### Raw data

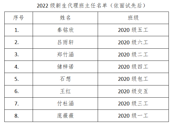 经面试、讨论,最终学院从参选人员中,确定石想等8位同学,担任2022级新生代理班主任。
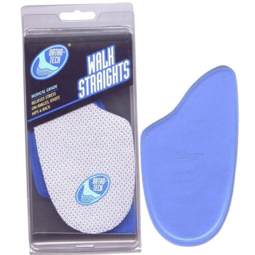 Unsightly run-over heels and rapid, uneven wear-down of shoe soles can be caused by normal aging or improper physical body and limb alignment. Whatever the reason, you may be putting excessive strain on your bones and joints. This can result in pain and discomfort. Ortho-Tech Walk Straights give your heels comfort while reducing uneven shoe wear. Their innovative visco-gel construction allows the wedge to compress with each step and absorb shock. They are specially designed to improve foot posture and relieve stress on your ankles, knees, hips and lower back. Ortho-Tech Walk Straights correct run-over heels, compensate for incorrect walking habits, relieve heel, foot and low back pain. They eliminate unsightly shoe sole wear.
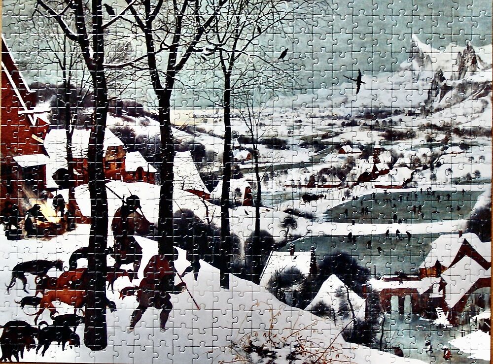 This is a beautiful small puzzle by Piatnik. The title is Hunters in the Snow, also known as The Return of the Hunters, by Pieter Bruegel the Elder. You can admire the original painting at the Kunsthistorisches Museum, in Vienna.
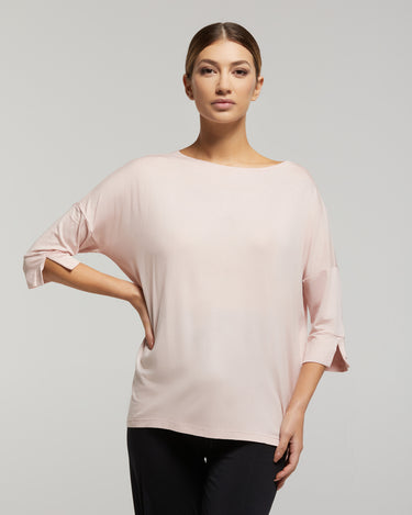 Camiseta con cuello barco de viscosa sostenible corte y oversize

######

- What this task involves -
From the first line to the last, transcribe the listing exactly; skip the pictures.

- Answer area -
 经面试、讨论,最终学院从参选人员中,确定石想等8位同学,担任2022级新生代理班主任。
 Unsightly run-over heels and rapid, uneven wear-down of shoe soles can be caused by normal aging or improper physical body and limb alignment. Whatever the reason, you may be putting excessive strain on your bones and joints. This can result in pain and discomfort. Ortho-Tech Walk Straights give your heels comfort while reducing uneven shoe wear. Their innovative visco-gel construction allows the wedge to compress with each step and absorb shock. They are specially designed to improve foot posture and relieve stress on your ankles, knees, hips and lower back. Ortho-Tech Walk Straights correct run-over heels, compensate for incorrect walking habits, relieve heel, foot and low back pain. They eliminate unsightly shoe sole wear.
 This is a beautiful small puzzle by Piatnik. The title is Hunters in the Snow, also known as The Return of the Hunters, by Pieter Bruegel the Elder. You can admire the original painting at the Kunsthistorisches Museum, in Vienna.
 Camiseta con cuello barco de viscosa sostenible corte y oversize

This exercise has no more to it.